The research from Harvard Business School, “Using Fresh Starts to Nudge Increased Retirement Savings,” examined the effects of using choice architecture—the design of different ways in which choices are presented and the impact of that presentation on decision-making—to examine retirement participant savings rates in a field study of recipients.
“Overall, fresh start framing increased retirement plan contributions in the eight months following,” the paper states.
The research was authored by John Beshears, professor at Harvard University and a faculty research fellow at the National Bureau of Economic Research; Hengchen Dai, professor at the University of California, Los Angeles; Katherine L. Milkman, economist at the University of Pennsylvania; and Shlomo Benartzi, a professor emeritus at the University of California, Los Angeles, and a senior adviser to Voya Financial.
The Harvard research adds to previous examinations of choice architecture from Voya that found reframing amounts with penny-framing—communicating retirement saving deferral amounts in whole dollars rather than in percent terms—can have a significant impact to boosting participant savings rates, including for workers with lower incomes and who may be less financially literate or less comfortable with numbers.
“We don’t do well with percentile and numeracy but everybody understands what a penny is,” said George P. Fraser, financial consultant and managing director of the Fraser Group at Retirement Benefits Group in Scottsdale, Arizona, and the originator of penny-framing for retirement plan participants.
For the Harvard field study, university employees were sent mailings with an opportunity to choose between increasing their contributions to a savings plan immediately or at a specified point in the future.
The researchers found that describing an upcoming date as a new opportunity to save, when framed in terms of the proximity to a fresh start date, increased the importance of that future savings opportunity.
“Framing the future time point in relation to a fresh start date (e.g., the recipient’s birthday, the first day of spring) increased the likelihood that the mailing recipient chose to increase contributions at that future time point without decreasing their likelihood of increasing contributions immediately,” the paper states.
The authors add that fresh start framing is a tool that plan sponsors and retirement plan advisers can use to nudge meaningful increases in savings.
Reframing to an important date also “increase[d] retirement plan contributions overall relative to describing the same upcoming savings opportunity as arriving after an equivalent time delay (e.g., “in two months”), the paper states.
Every date did not work identically to drive behavior.

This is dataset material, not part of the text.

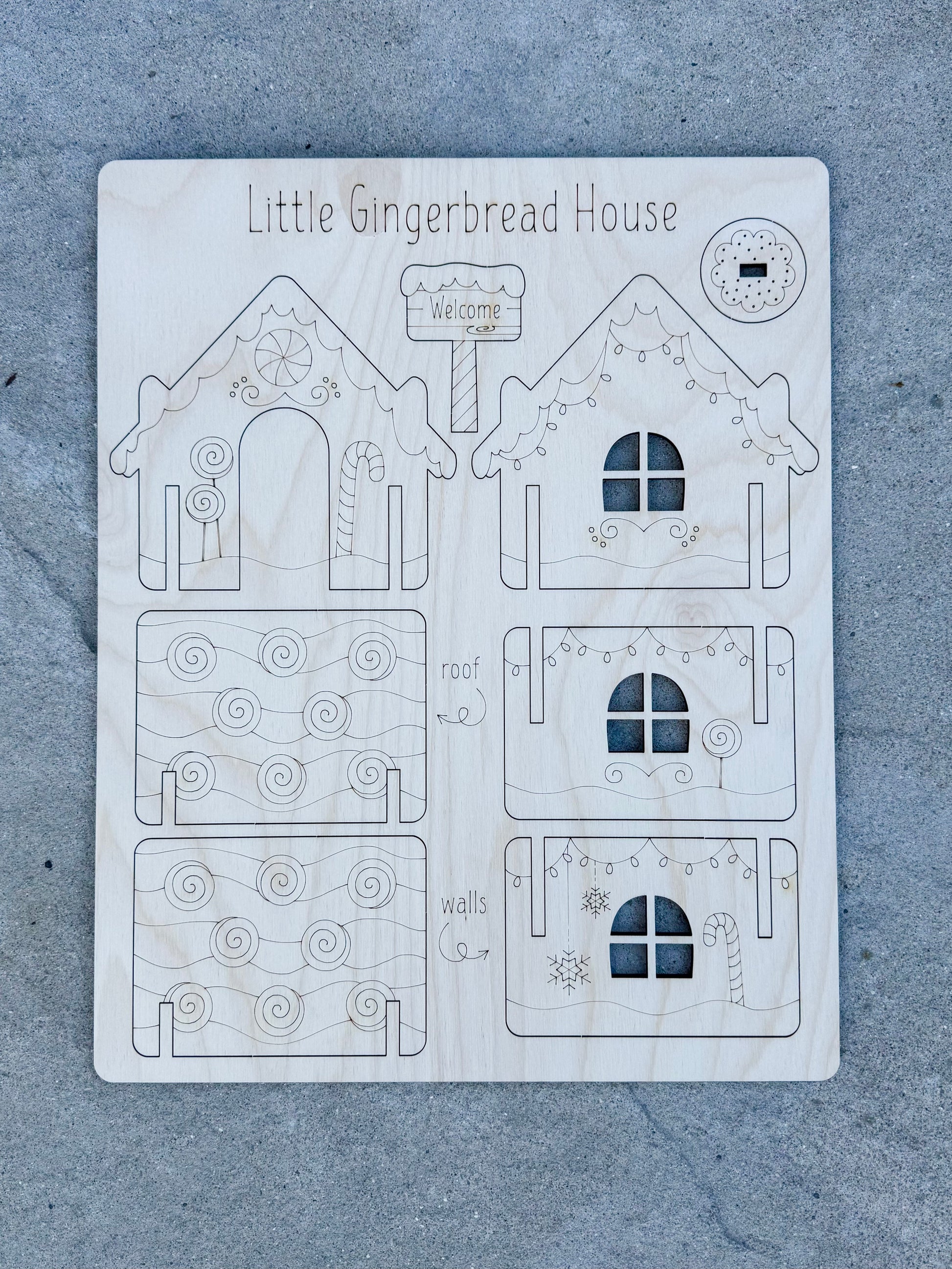 Our wooden gingerbread paint kit is made from Baltic birch plywood. The gingerbread house with welcome sign comes on one sheet of plywood and the additional pieces and accessories come on a separate sheet of plywood. All pieces have tabs that allow you to easily push them out of the main sheet. Each set is sanded for a smooth surface, making it easier to paint with the acrylic paint and paint brush that is provided

For example, researchers did not find the same effects when a savings opportunity was described in terms of nearness to a “placebo holiday (namely, Thanksgiving, Martin Luther King Day, or Valentine’s Day),” the paper states.

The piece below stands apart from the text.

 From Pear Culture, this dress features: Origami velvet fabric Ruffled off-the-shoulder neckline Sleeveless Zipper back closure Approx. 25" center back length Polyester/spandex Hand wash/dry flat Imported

“Also, even though we might expect framing a future savings opportunity around a fresh start date to decrease the relative attractiveness of an immediate savings opportunity and therefore decrease take-up of the immediate savings opportunity, we do not find evidence of such a decrease in the data,” the authors wrote.

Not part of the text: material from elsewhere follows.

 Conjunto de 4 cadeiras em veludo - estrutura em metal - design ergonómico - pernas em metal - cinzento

The researchers also delved into the effects that fresh start framing could have on future fresh starts and the immediate opportunity to increase retirement savings.
Participants in a later lab experiment judged framing a future savings opportunity around a fresh start as likely to increase their use of an immediate savings opportunity, “thus, an additional contribution of this paper is that it extends the theory of fresh starts to consider the impact of future fresh starts on immediate motivation to initiate goal pursuit,” the paper states.
The researchers also predicted that New Year’s Day would prove an impactful fresh start day for participants to begin saving but were proved otherwise.
“Highlighting this particular fresh start date did not produce a noticeable increase in savings,” the paper states, whereas using the first day of spring and birthdays did drive savings effects.
The paper noted that the lack of effects on certain dates vs. others could be from several factors. One reason could be that “highlighting fresh start dates is less effective when people are more likely to naturally think to use those dates for goal pursuit without a prompt,” the paper states.
“Many individuals may naturally expect New Year’s to serve as an opportunity for a new beginning; thus, highlighting this opportunity may not draw increased attention to the initiation of goal pursuit. Individuals may be less likely to view birthdays and the first day of spring as opportunities for new beginnings, so highlighting these opportunities may draw increased attention to goals,” the authors wrote.